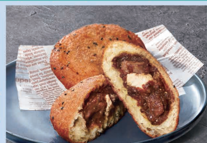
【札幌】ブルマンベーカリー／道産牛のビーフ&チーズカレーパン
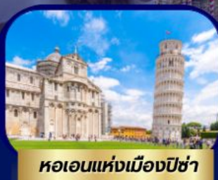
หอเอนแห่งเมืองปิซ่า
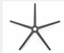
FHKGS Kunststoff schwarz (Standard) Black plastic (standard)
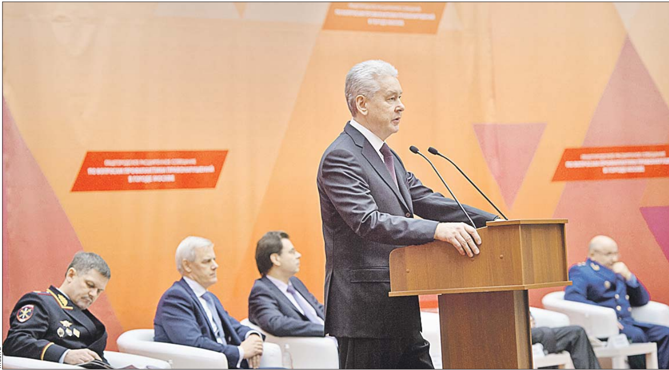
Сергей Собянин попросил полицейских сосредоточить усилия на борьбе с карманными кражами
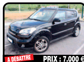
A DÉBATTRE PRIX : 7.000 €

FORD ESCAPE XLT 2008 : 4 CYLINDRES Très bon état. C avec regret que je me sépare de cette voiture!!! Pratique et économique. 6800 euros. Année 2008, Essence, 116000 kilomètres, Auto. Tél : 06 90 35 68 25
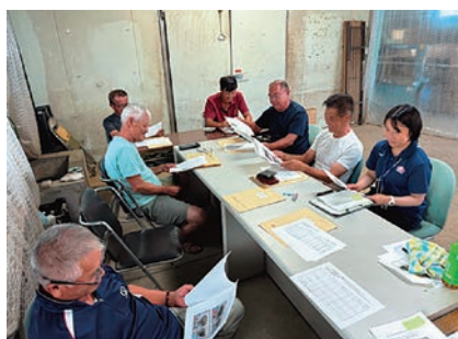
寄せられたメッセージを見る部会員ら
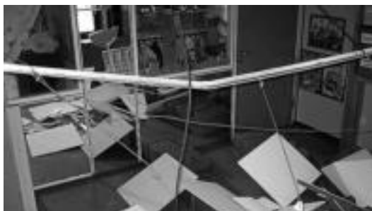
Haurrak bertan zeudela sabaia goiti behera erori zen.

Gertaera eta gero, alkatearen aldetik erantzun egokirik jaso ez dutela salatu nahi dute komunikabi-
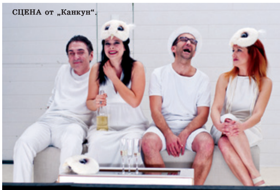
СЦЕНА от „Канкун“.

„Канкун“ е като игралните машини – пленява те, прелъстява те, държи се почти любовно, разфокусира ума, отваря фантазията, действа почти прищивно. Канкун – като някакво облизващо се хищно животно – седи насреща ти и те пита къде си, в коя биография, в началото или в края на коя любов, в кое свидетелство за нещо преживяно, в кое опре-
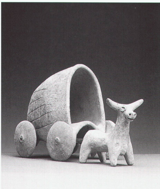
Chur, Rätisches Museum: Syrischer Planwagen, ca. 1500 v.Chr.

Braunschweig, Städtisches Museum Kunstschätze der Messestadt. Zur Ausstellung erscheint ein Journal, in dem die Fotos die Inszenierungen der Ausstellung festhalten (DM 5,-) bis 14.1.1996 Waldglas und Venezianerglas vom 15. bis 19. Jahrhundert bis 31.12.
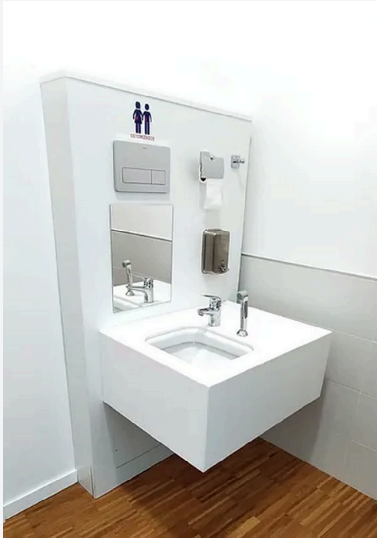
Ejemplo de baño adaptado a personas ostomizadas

---------------

▸ What you are asked to do
Produce the lines from the first line of the entries through the line that contains "A DÉBATTRE PRIX : 7.000 €", exactly, leaving the pictures behind.

▸ Solution to this task
【札幌】ブルマンベーカリー／道産牛のビーフ&チーズカレーパン
หอเอนแห่งเมืองปิซ่า
FHKGS Kunststoff schwarz (Standard) Black plastic (standard)
Сергей Собянин попросил полицейских сосредоточить усилия на борьбе с карманными кражами
A DÉBATTRE PRIX : 7.000 €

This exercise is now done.